Loss of friends, loss of family for some, loss of community, etc. Then there is the feeling that God doesn't exist outside of TWI and there is nothing better outside of TWI...and nothing could be further from the truth.

Is just how I felt.

 

It's particularly hard when for years, people have been encouraged to distance themselves from friends and earthly family who don't respond to "the word" as promoted by TWI.  So when you've been M&A'd, there's nowhere to go (you think).  All those bridges need to be rebuilt, too, and sometimes that's very difficult.

Never fear: TWI has cast you out.  GOD HAS NOT CAST YOU OUT NOR ABANDONED YOU and still loves you and will bring to you those who can help you recover from the abuse.  You may not be able to help yourself, so God will put people in your path who can offer a kind word here, an action there, a place to be, a balm for your soul.  You might not recognise it at the time, but it'll be something you'll hang on to. 

As OldSkool has said, counselling can help.  Some people have found divorce recovery/workshops helpful.  Or talking about it with a wise, trusted, loving friend might help.

 

Luke 15 (also in Matt 18)

15 Now the tax collectors and sinners were all gathering around to hear Jesus. But the Pharisees and the teachers of the law muttered, “This man welcomes sinners and eats with them.”

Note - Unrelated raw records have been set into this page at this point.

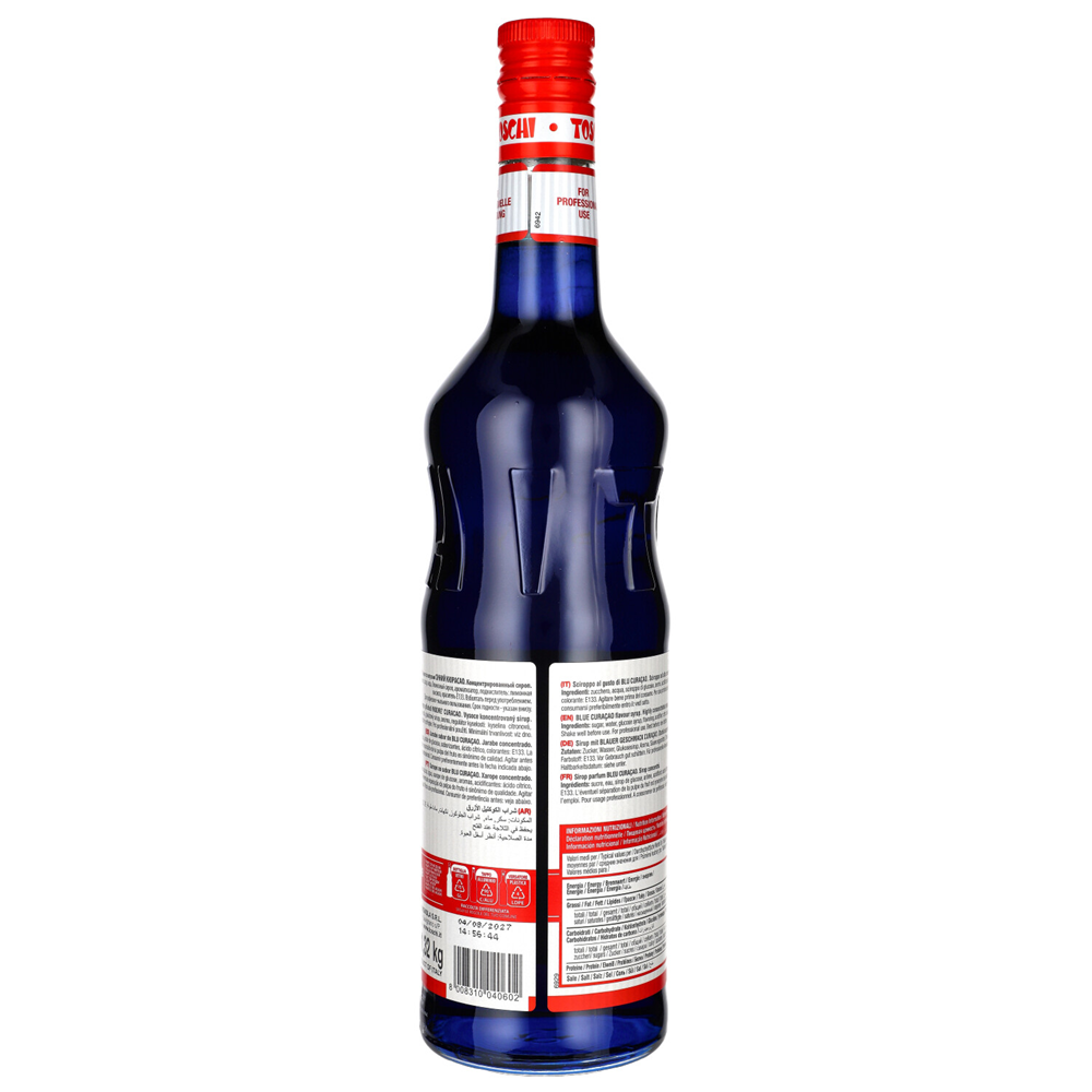 Toschi Syrop Blue Curacao to wysokiej jakości syrop o intensywnym, niebieskim kolorze, inspirowany klasycznym likierem Curacao. Ten syrop jest doskonałym dodatkiem do różnych napojów, w tym koktajli i deserów, a jego owocowy smak może wzbogacić zarówno klasyczne, jak i kreatywne przepisy barowe.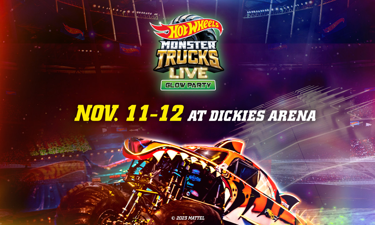 HOT WHEELS MONSTER TRUCKS LIVE GLOW PARTY IS COMING BACK TO DICKIES ARENA ON NOVEMBER 11th & 12th!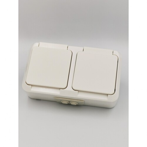 Πρίζα Σούκο Διπλή Ασφαλείας Επίτοιχη Στεγανή IP54 Λευκός AQUA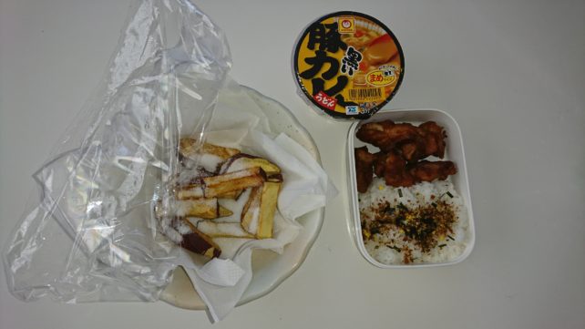 素揚げしたサツマイモに砂糖をかけただけの甘いポテトフライも付け簡単10分弁当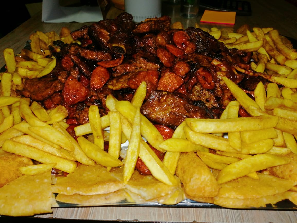 Papas, salchicha, huevo de codorniz, chorizo coctelero, pollo, carne, chorizo ternera, queso mozzarella y salsas de la casa.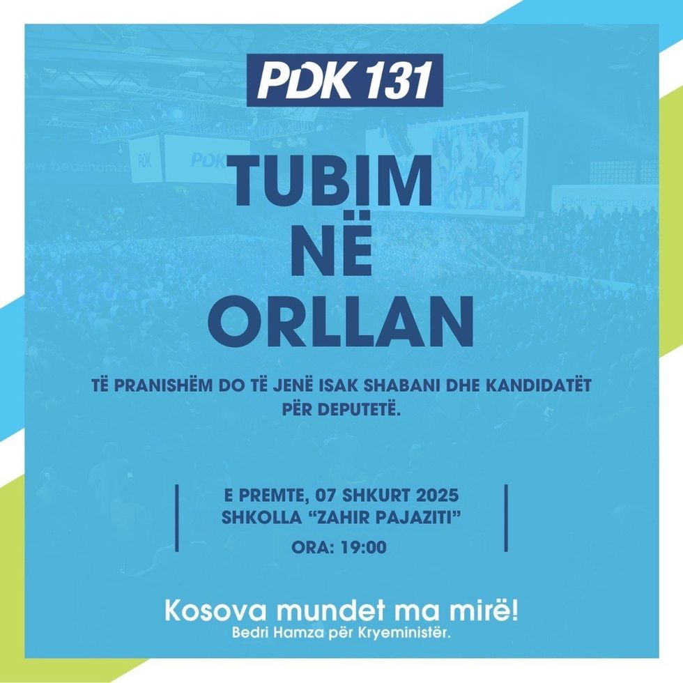 Ju ftojmë të merrni pjesë në tubimin e degës së Partisë Demokratike të Kosovës në Podujevë, ku do të prezantohet kandidati për deputet Isak Shabani dhe kandidatët e tjerë të PDK-së.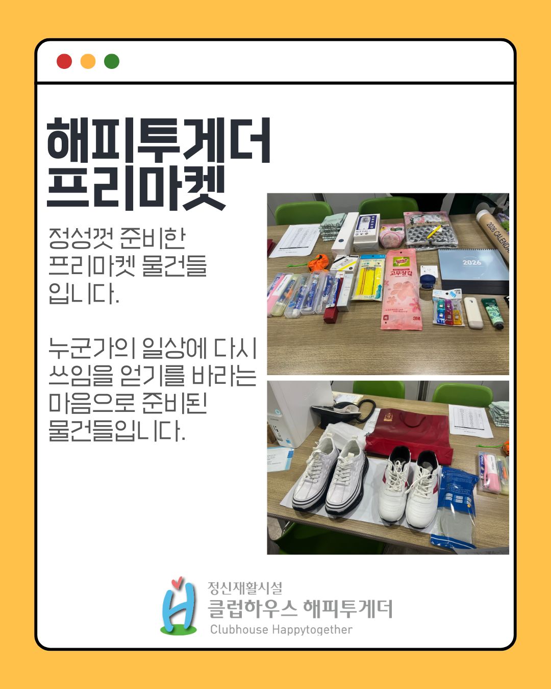 해피투게더에서는 일상 속 작은 나눔을 실천하는 프리마켓을 진행했습니다.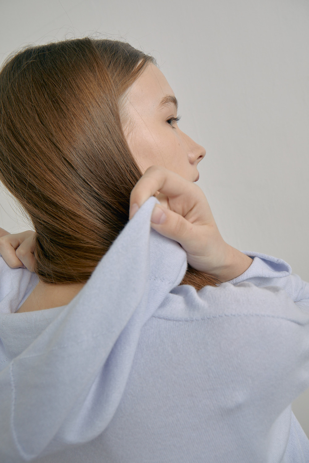 겨울에는 퍼, 무스탕, 코트 안에 입으시기 좋습니다. 끝 부분 처리기법은 자연스럽게 말려 올라가는 형태로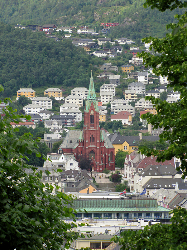 После обеда и некоторого отдыха я немного пришла в себя и вечером мы съездили в Фантот посмотреть на деревянную церковь. Это район на окраине Бергена, от автостанции можно добраться на трамвае.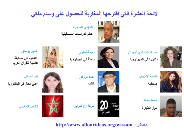 اثر ذلك قامت مجموعة من النشطاء المغاربة بطرح لائحة للتصويت على موقع allourideas.org/wissam/ ثم اقتراح عدد اخر من الاسماء البديلة وطلبت من زوار الموقع التصويت على الاشخاص التي تستحق اوسمة ملكية. و قد قام أصحاب المشروع باستثناء من حصلوا على وسام في الماضي أو مؤذونيات نقل من طرف الملك.
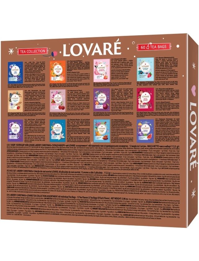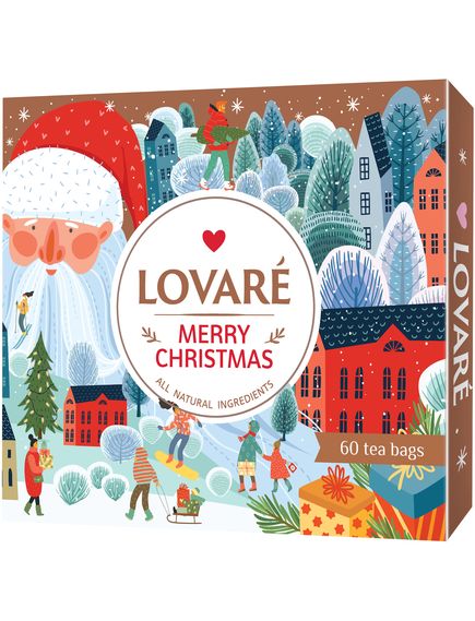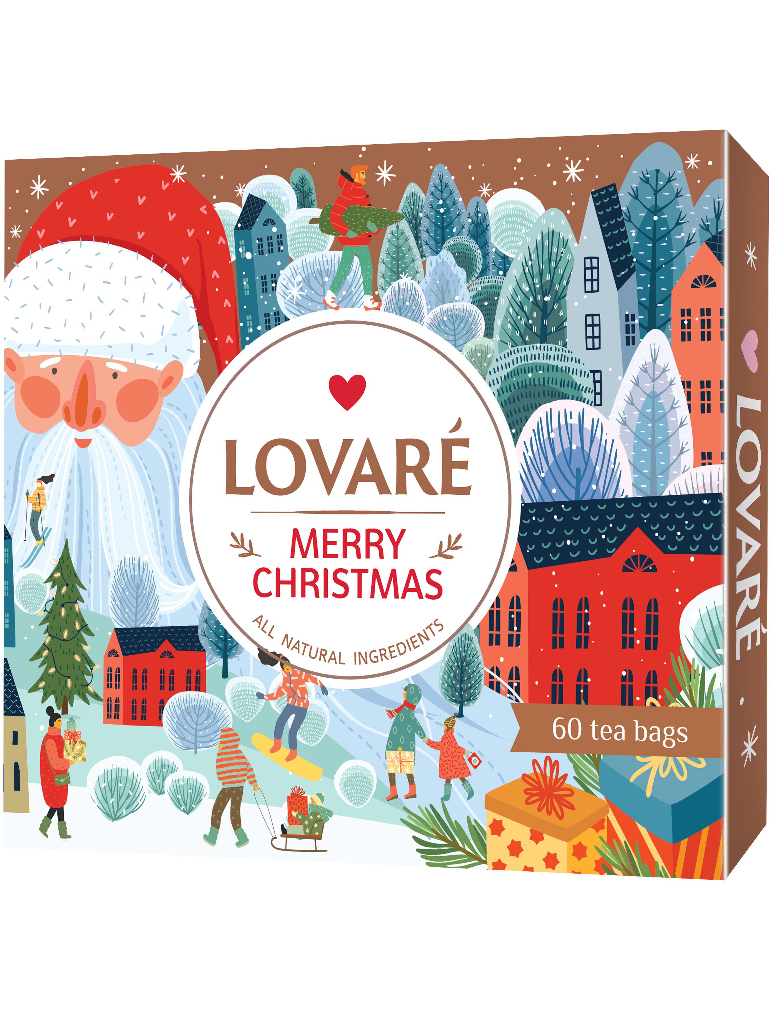 Новорічна колекція чаю Merry Christmas від Lovare 12 видів по 5 шт - 1001 nights, Passion fruit, Strawberry marshmallow, Champagne splashes, Cleopatra's night, Cherry on cake, Night beautea, Royal dessert, Wild berry, Bergamot vanilla, Aladdin lamp, Turkish delight.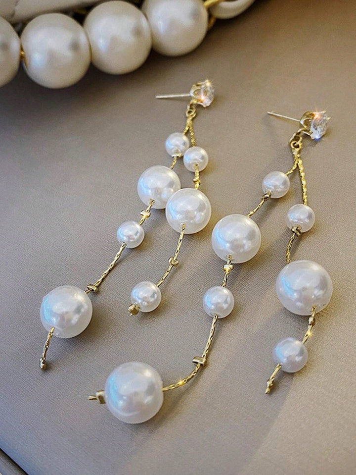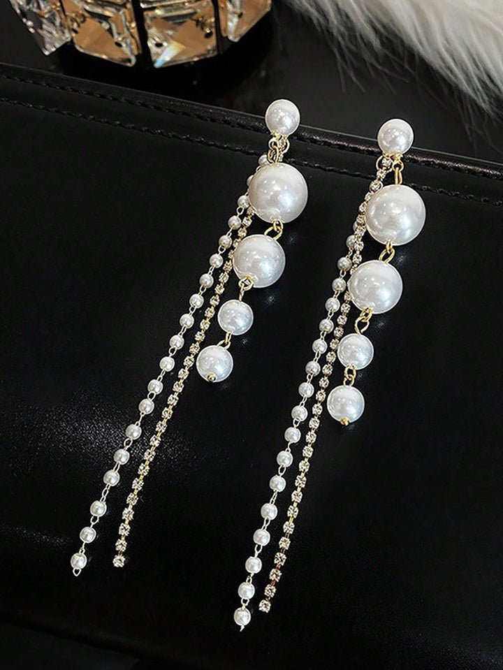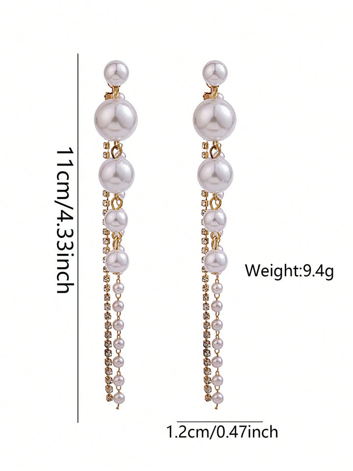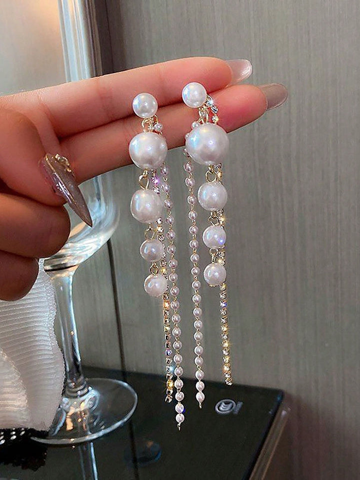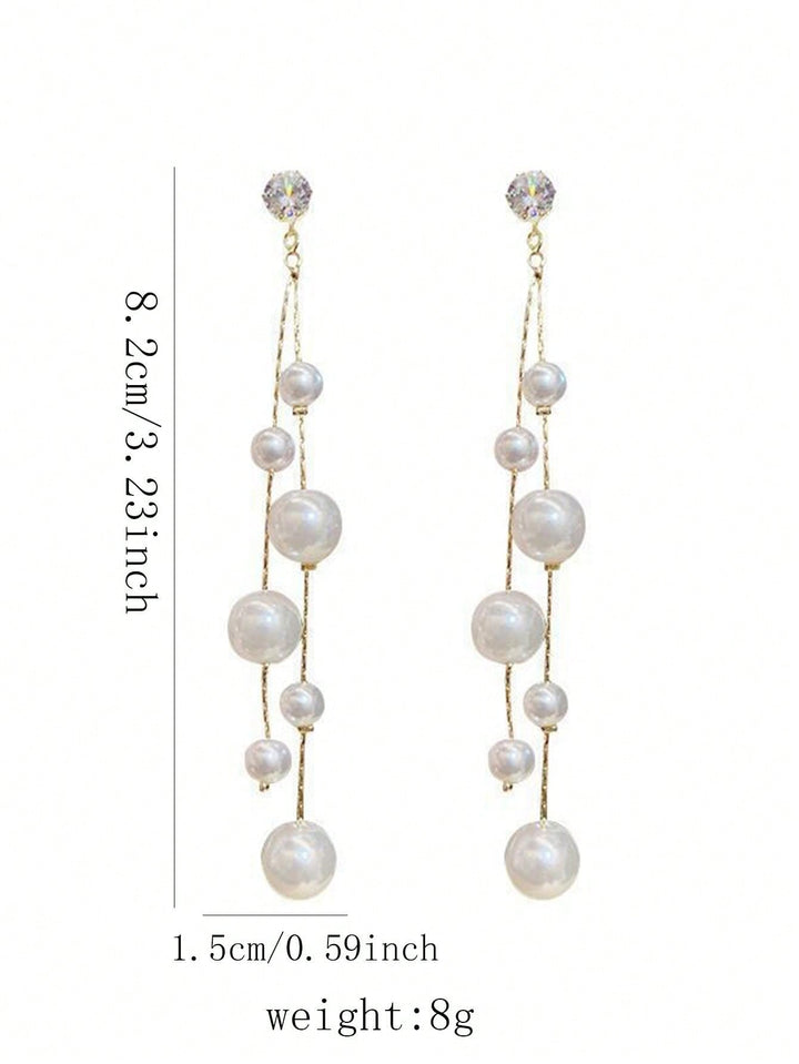 Shein - 1Pair Fashionable Copper Alloy Long Beaded Tassel Dangle Earrings For Women For Banquet, Prom, Party

Then Jesus told them this parable: “Suppose one of you has a hundred sheep and loses one of them. Doesn’t he leave the ninety-nine in the open country and go after the lost sheep until he finds it? And when he finds it, he joyfully puts it on his shoulders and goes home. Then he calls his friends and neighbors together and says, ‘Rejoice with me; I have found my lost sheep.’ I tell you that in the same way there will be more rejoicing in heaven over one sinner who repents than over ninety-nine righteous persons who do not need to repent.

 

 

You were not just a lost sheep - you were a stolen sheep.  Not only you (as a lost/stolen sheep) will be sought for and recovered, and brought home with rejoicing - the thieves will be dealt with too, in due time.  Plenty of condemnation all over the Bible about not stealing and how thieves are to be dealt with.